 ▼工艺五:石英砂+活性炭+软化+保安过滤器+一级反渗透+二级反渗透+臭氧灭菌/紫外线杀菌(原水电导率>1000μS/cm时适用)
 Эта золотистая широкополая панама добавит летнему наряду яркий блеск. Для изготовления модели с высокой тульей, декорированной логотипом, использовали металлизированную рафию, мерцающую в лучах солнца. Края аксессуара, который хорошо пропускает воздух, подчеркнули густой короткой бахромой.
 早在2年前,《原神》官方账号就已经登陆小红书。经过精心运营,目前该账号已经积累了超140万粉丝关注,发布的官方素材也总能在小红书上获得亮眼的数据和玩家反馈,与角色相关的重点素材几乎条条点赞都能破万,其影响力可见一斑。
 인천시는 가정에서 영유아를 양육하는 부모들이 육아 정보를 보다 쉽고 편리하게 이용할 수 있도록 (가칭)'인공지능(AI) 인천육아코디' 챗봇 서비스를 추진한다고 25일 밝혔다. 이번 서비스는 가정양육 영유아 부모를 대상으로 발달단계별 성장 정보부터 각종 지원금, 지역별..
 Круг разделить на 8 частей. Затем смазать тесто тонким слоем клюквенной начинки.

...

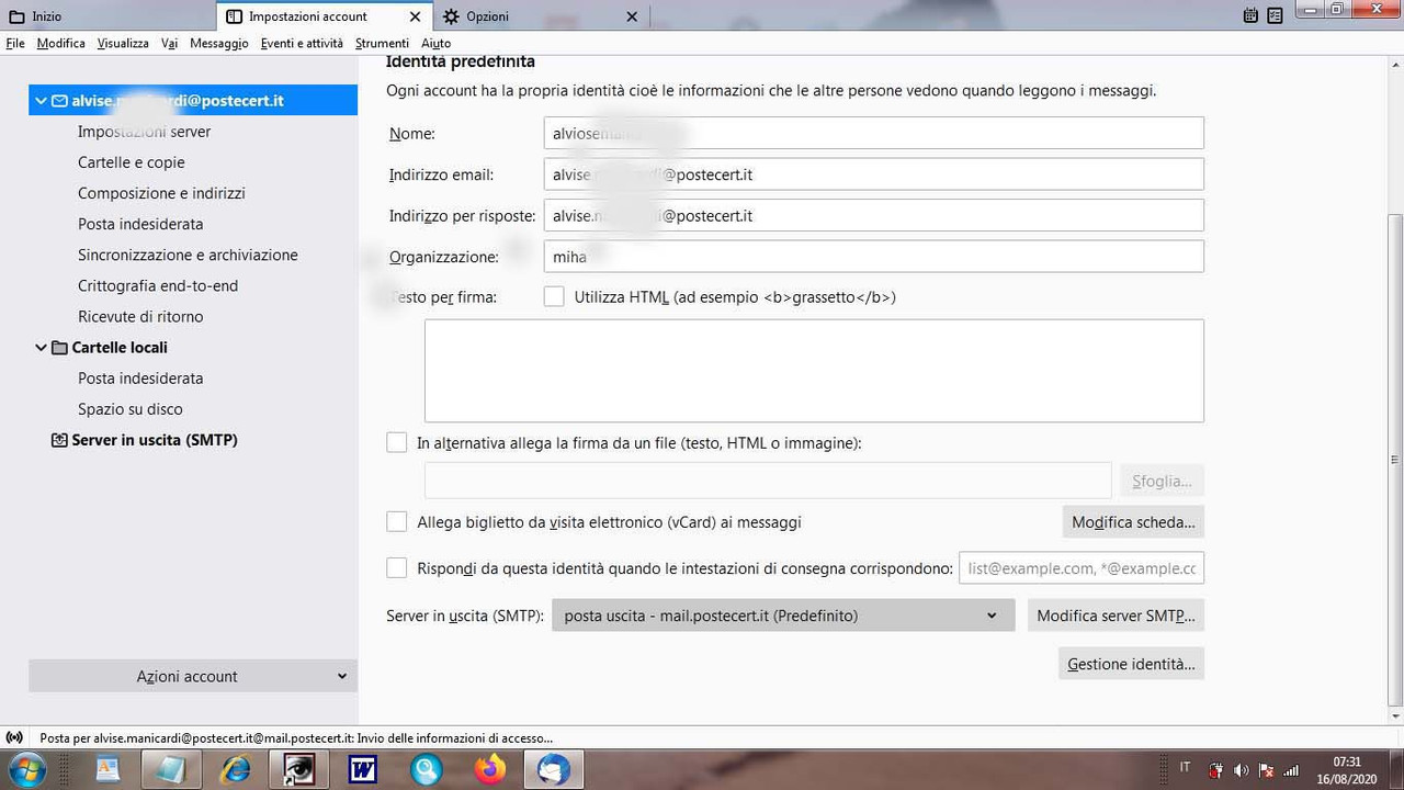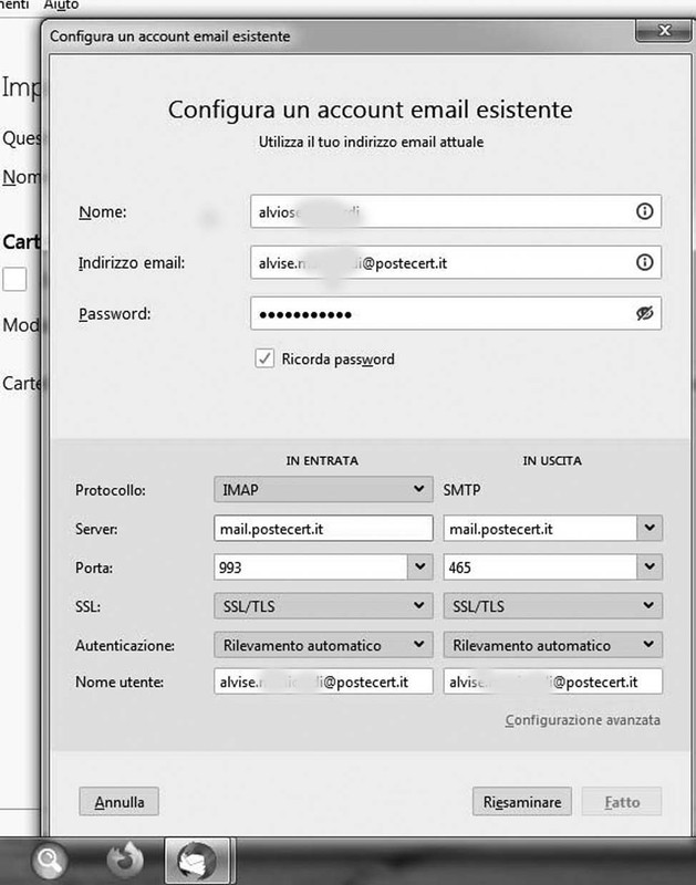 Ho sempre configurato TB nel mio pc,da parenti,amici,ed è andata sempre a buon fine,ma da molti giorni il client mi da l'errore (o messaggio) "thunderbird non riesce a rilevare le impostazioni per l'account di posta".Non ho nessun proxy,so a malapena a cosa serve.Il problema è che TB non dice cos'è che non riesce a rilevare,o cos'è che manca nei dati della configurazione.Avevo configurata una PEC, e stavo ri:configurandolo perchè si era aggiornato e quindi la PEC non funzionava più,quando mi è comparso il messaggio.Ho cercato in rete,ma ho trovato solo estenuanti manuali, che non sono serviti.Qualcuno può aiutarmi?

...

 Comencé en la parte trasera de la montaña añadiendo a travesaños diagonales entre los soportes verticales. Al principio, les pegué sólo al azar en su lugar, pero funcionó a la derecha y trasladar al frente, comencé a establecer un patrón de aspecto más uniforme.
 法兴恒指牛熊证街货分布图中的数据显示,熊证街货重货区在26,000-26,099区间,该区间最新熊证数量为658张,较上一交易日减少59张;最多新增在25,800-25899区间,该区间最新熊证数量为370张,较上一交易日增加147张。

● Description of the task
Print only what lies in the material above starting at the line with "Comencé en la" and ending at the line with "法兴恒指牛熊证街货分布图中的", every line exactly as given.

● Task solution
 Comencé en la parte trasera de la montaña añadiendo a travesaños diagonales entre los soportes verticales. Al principio, les pegué sólo al azar en su lugar, pero funcionó a la derecha y trasladar al frente, comencé a establecer un patrón de aspecto más uniforme.
 法兴恒指牛熊证街货分布图中的数据显示,熊证街货重货区在26,000-26,099区间,该区间最新熊证数量为658张,较上一交易日减少59张;最多新增在25,800-25899区间,该区间最新熊证数量为370张,较上一交易日增加147张。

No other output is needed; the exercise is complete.